A number of strategies have been found to improve follow-up for STI testing including email and text messaging as reminders of appointments.[28]



Evidence from randomized controlled trials for screening pregnant women who do not have symptoms for infection with trichomoniasis and treating women who test positive for the infection have not consistently shown a reduced risk of preterm birth.[29][30] Further studies are needed to verify this result and determine the best method of screening. In the US, screening of pregnant women without any symptoms is only recommended in those with HIV as Trichomonas infection is associated with increased risk of transmitting HIV to the fetus.[31]
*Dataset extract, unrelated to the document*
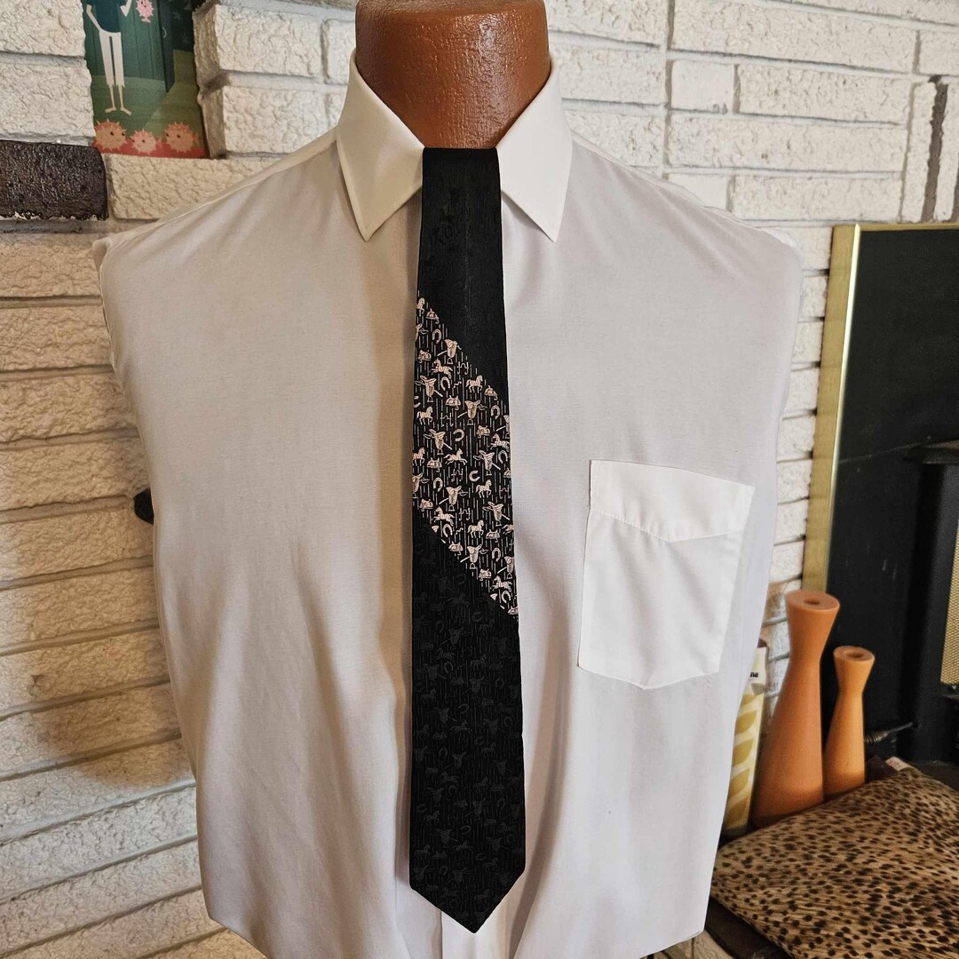 1960's Black Shiny Rayon Tie With Pink and Black Embossed Horse and ...

Treatment for both pregnant and non-pregnant women is usually with metronidazole,[32] by mouth once.[31] Caution should be used in pregnancy, especially in the first trimester.[33] Sexual partners, even if they have no symptoms, should also be treated.[23] Single oral dose of nitroimidazole is sufficient to kill the parasites.[34]

For 95–97% of cases, infection is resolved after one dose of metronidazole.[26][35] Studies suggest that 4–5% of trichomonas cases are resistant to metronidazole, which may account for some "repeat" cases.[33][9] Without treatment, trichomoniasis can persist for months to years in women, and is thought to improve without treatment in men.[9] Women living with HIV infection have better cure rates if treated for seven days rather than with one dose.[31][36]

Topical treatments are less effective than oral antibiotics due to Skene's gland and other genitourinary structures acting as a reservoir.[37]



There were about 58 million cases of trichomoniasis in 2013.[38] It is more common in females (2.7%) than males (1.4%).[39] It is the most common non-viral STI in the U.S., with an estimated 3.7 million prevalent cases and 1.1 million new cases per year.[40][41] It is estimated that 3% of the general U.S. population is infected,[21][42] and 7.5–32% of moderate-to-high risk (including incarcerated) populations.[43][44]